AVAILABLE DATA:
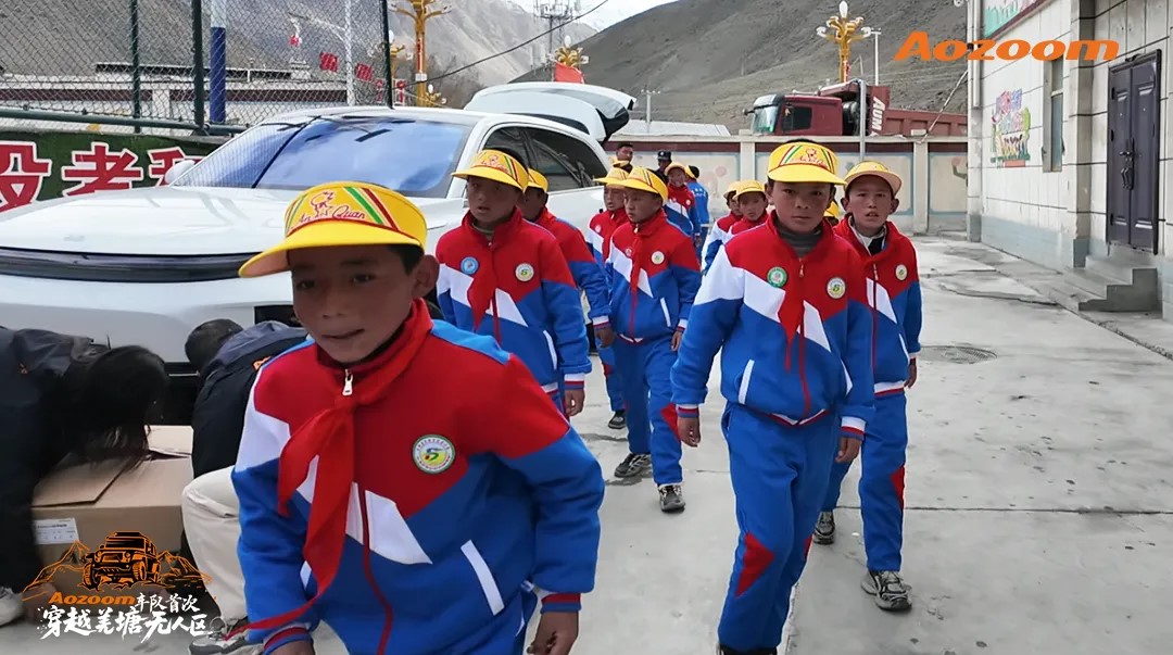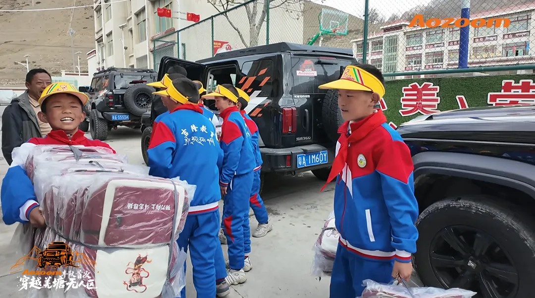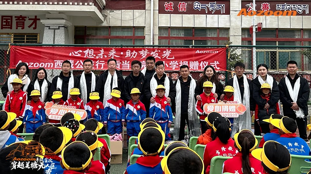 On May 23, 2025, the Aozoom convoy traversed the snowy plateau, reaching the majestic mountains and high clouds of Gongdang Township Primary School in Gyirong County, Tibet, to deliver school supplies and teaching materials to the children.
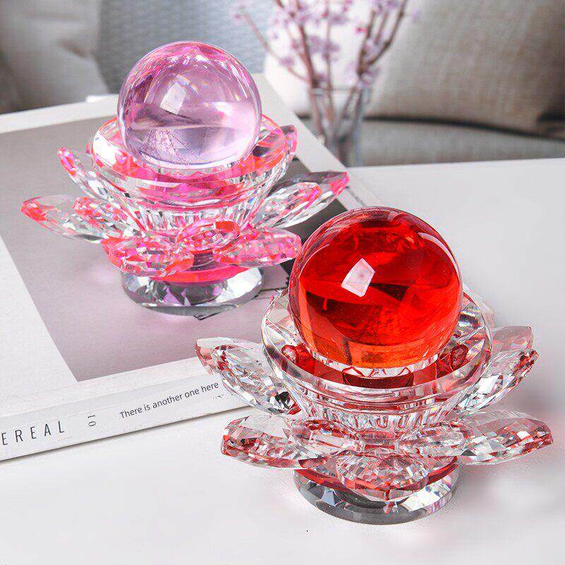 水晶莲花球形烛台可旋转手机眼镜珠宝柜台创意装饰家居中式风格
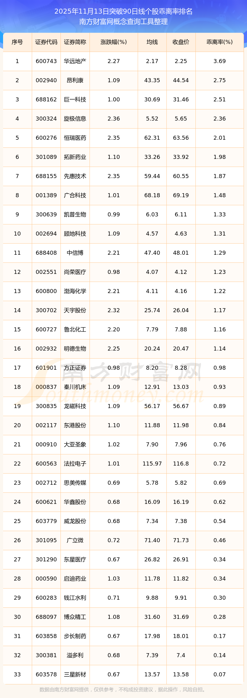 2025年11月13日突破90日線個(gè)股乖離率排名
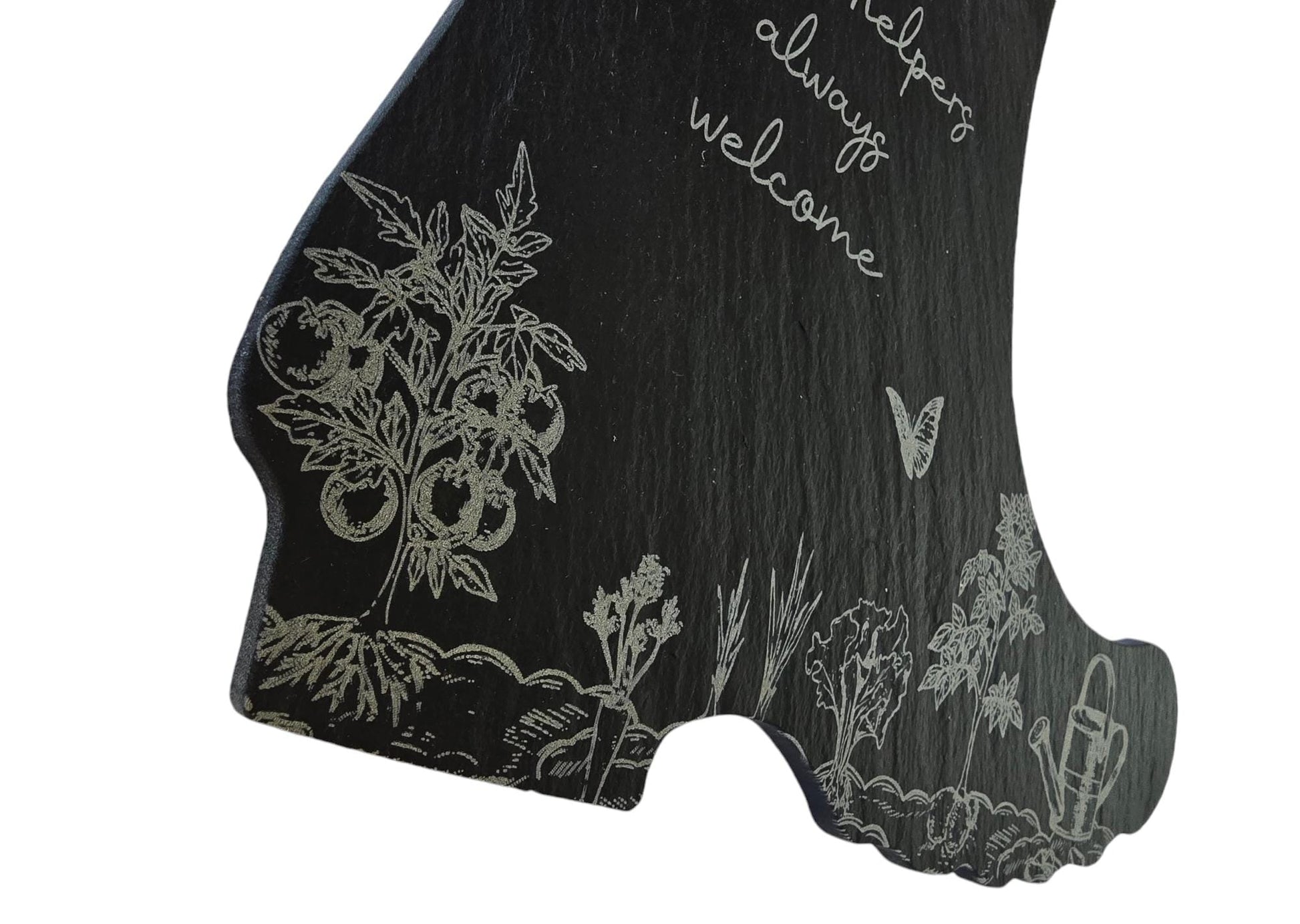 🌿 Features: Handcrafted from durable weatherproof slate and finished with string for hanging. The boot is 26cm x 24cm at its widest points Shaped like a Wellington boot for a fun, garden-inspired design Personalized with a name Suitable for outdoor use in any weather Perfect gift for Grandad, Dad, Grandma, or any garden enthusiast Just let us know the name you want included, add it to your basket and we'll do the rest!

WHAT YOU NEED TO DO:
Return the listing above in an exact copy that leaves out the images.

TASK OUTPUT:
 On May 23, 2025, the Aozoom convoy traversed the snowy plateau, reaching the majestic mountains and high clouds of Gongdang Township Primary School in Gyirong County, Tibet, to deliver school supplies and teaching materials to the children.
 水晶莲花球形烛台可旋转手机眼镜珠宝柜台创意装饰家居中式风格
 2025年11月13日突破90日線個(gè)股乖離率排名
 🌿 Features: Handcrafted from durable weatherproof slate and finished with string for hanging. The boot is 26cm x 24cm at its widest points Shaped like a Wellington boot for a fun, garden-inspired design Personalized with a name Suitable for outdoor use in any weather Perfect gift for Grandad, Dad, Grandma, or any garden enthusiast Just let us know the name you want included, add it to your basket and we'll do the rest!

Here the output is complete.